Material provided
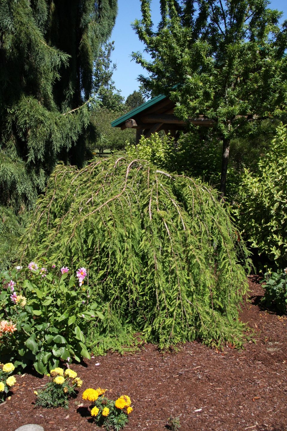 Description: Taxodium dis Cascade Falls is an elegant deciduous conifer with gracefully arching, weeping branches covered with red shaggy bark on the trunk, and fine grass-green leaves which turn bronze in autumn before falling.
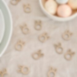 24 stuks houten paashazen om de paastafel mee te versieren. Het wordt een charmant detail en iets dat je gasten zullen waarderen. De confetti is milieuvriendelijk en kan worden hergebruikt en elke paashaas is 2 x 3 cm groot.
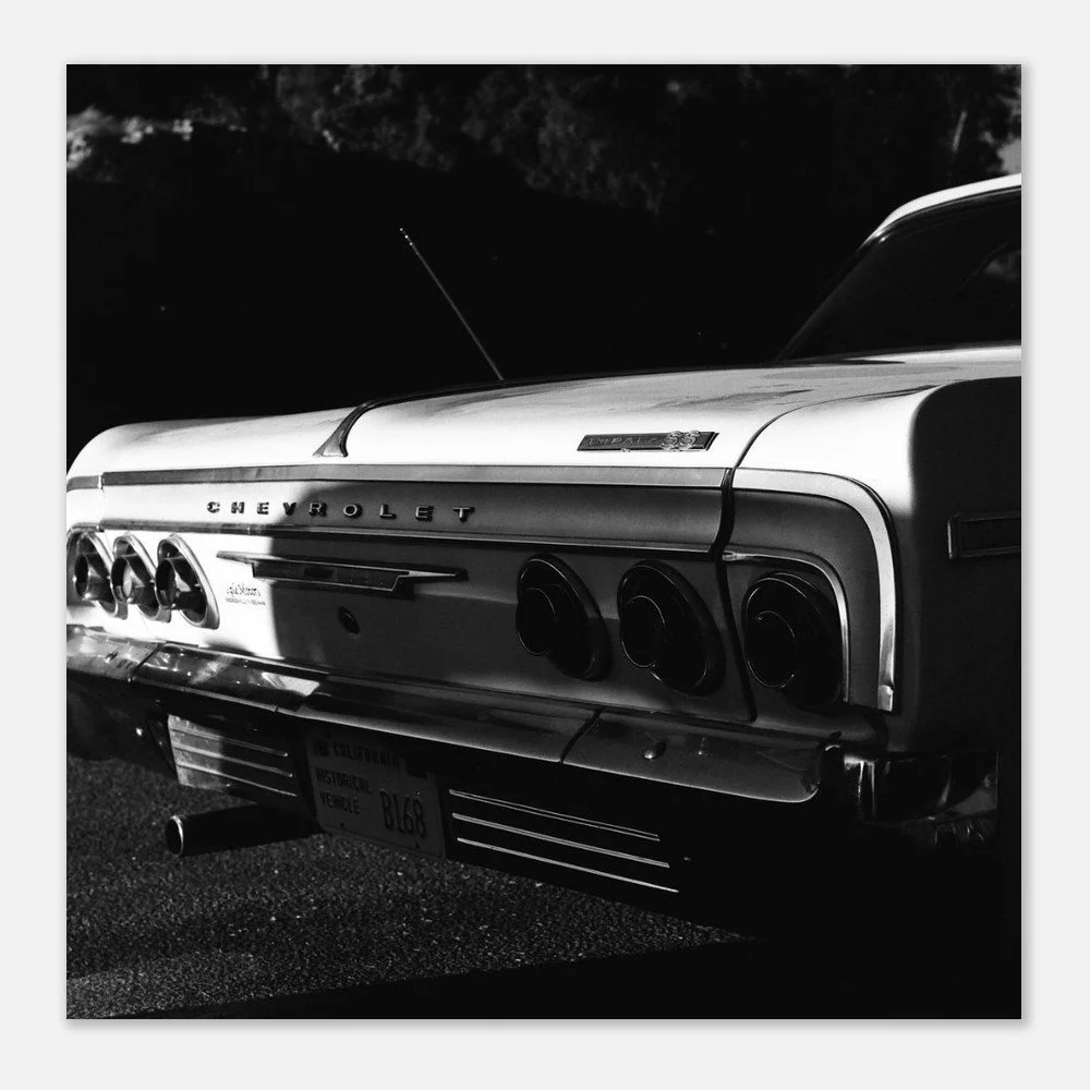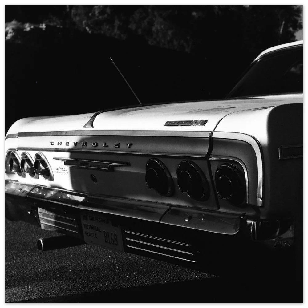 A pristine Impala SS with historic plates, radiating California cool under magic hour light. Available as a museum-grade art print for collectors and enthusiasts alike.

Description of the task
Omit every picture while copying the listing above exactly.

Solution to this task
 Description: Taxodium dis Cascade Falls is an elegant deciduous conifer with gracefully arching, weeping branches covered with red shaggy bark on the trunk, and fine grass-green leaves which turn bronze in autumn before falling.
 24 stuks houten paashazen om de paastafel mee te versieren. Het wordt een charmant detail en iets dat je gasten zullen waarderen. De confetti is milieuvriendelijk en kan worden hergebruikt en elke paashaas is 2 x 3 cm groot.
 A pristine Impala SS with historic plates, radiating California cool under magic hour light. Available as a museum-grade art print for collectors and enthusiasts alike.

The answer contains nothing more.